I'm trying to use the requests-futures
library to send a batch of asynchronous HTTP requests and identify the presence or absence of a specific bytestring in the content of each page.
Here is the synchronous version. Please note the actual site I'm scraping is not Stack Overflow, and the length of URLs is around 20,000 in actuality.
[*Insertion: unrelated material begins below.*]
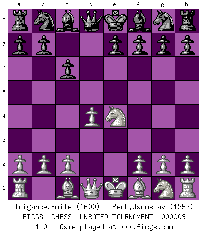 Last move : 1-0 2010 September 26 9:14:24 [Event "FICGS__CHESS__UNRATED_TOURNAMENT__000009"] [Site "FICGS"] [Date "2010.08.16"] [Round "1"] [White "Trigance,Emile"] [Black "Pech,Jaroslav"] [Result "1-0"] [WhiteElo "1600"] [BlackElo "1257"] 1.e4 c6 2.d4 d5 3.Nc3 dxe4 4.Nxe4 1-0 This chess game has been lost on time (started : 2010.08.16 0:25:10) Caro-Kann defense Player White won this chess game. Follow this game move after move (download)The passion for playing Chess is one of the most unaccountable in the world. (H.G. Wells) Vielleicht wirkt die Aura früherer Spieler glanzvoller als die der heutigen Spieler, aber das liegt daran, dass man kein Programm wie Fritz hatte, das einem all die Löcher in ihren Partien zeigt. (Vladimir Kramnik) Bobby es el jugador de Ajedrez mas fino que este país jamás haya producido. Su memoria para las movidas, su brillantez en soñar combinaciones y su feróz determinación por la victoria son algo extraño. (John Collins) Mais n'est-ce pas déjà le limiter injurieusement que d'appeler les échecs un jeu? N'est-ce pas aussi une science, un art, ou quelque chose qui, comme le cercueil de Mahomet entre ciel et terre, est suspendu entre l'un et l'autre, et qui réunit un nombre incroyable de contraires ? (Stefan Zweig) Methinks King Thibault should dub Marius Zubac a knight of the square board... I mean table, henceforth addressing him as Sir Marius, and bestow on him a suitable land from the kingdom of FICGS & marry him off to a worthy, fair maiden, lest he slice our heads with his mighty sword in his wrath. (Dinesh De Silva)

In the example below, I'm averaging roughly 1 second wall time per loop, meaning the whole batch would take half a day at this rate.
import timeit
import requests
KEY = b'<meta name="referrer"'
def filter_url(url):
"""Presence or absence of `KEY` in page's content."""
resp = requests.get(url, stream=True)
return resp.content.find(KEY) > -1
urls = [
'https://stackoverflow.com/q/952914/7954504',
'https://stackoverflow.com/q/48512098/7954504',
'https://stackoverflow.com/q/48511048/7954504',
'https://stackoverflow.com/q/48509674/7954504',
'https://stackoverflow.com/q/15666943/7954504',
'https://stackoverflow.com/q/48501822/7954504',
'https://stackoverflow.com/q/48452449/7954504',
'https://stackoverflow.com/q/48452267/7954504',
'https://stackoverflow.com/q/48405592/7954504',
'https://stackoverflow.com/q/48393431/7954504'
]
start = timeit.default_timer()
res = [filter_url(url) for url in urls]
print(timeit.default_timer() - start)
# 11.748123944002145
Now, when I go to do this asynchronously:
from requests_futures.sessions import FuturesSession
session = FuturesSession()
def find_multi_reviews(urls):
resp = [session.get(url).result() for url in urls]
print(resp)
return [i.content.find(KEY) > -1 for i in resp]
start = timeit.default_timer()
res2 = find_multi_reviews(urls)
print(timeit.default_timer() - start)
# 1.1806047540012514
I can get a 10x speedup. This is okay--but can I do better? As of now, I'm still looking at just under 2 hrs of runtime. Are there tricks, such as increasing the number of workers or execute in separate processes, that would lead to a speed improvement here?